Problem description: Below are the entries to work from; restate word for word the portion that opens with the line containing "Tags: Access Living, Bill" and closes with the line containing "Purple Wave is", keeping both.

Supplied data:
##########

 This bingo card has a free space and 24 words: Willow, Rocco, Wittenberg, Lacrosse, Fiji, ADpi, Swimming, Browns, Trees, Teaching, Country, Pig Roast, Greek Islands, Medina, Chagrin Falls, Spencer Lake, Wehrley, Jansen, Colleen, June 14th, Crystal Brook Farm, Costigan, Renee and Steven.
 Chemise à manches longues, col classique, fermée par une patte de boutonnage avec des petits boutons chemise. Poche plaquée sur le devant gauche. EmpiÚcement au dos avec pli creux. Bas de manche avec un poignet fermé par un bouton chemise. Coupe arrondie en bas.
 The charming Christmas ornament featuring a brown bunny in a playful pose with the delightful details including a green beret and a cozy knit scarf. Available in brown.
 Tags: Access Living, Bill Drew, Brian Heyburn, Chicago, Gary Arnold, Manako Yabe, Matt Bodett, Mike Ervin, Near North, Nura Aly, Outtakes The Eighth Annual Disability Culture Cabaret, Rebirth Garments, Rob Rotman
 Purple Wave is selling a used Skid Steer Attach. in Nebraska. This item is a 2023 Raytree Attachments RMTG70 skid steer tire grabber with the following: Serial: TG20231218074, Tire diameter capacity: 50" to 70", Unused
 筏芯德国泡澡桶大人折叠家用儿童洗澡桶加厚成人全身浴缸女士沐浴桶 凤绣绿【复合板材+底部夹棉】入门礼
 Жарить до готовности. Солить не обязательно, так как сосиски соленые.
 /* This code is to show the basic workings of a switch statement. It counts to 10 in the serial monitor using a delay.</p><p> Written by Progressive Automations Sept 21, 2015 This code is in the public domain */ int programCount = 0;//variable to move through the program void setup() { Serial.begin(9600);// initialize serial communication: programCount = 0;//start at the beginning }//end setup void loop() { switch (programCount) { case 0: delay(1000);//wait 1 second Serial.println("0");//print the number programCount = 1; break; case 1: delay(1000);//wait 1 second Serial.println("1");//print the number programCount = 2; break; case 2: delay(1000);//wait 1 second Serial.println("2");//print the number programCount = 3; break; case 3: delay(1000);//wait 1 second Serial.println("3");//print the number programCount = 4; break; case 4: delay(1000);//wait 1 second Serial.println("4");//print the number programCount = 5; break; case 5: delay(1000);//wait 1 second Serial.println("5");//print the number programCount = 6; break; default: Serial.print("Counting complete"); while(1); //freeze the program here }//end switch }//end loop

##########

Your response:
 Tags: Access Living, Bill Drew, Brian Heyburn, Chicago, Gary Arnold, Manako Yabe, Matt Bodett, Mike Ervin, Near North, Nura Aly, Outtakes The Eighth Annual Disability Culture Cabaret, Rebirth Garments, Rob Rotman
 Purple Wave is selling a used Skid Steer Attach. in Nebraska. This item is a 2023 Raytree Attachments RMTG70 skid steer tire grabber with the following: Serial: TG20231218074, Tire diameter capacity: 50" to 70", Unused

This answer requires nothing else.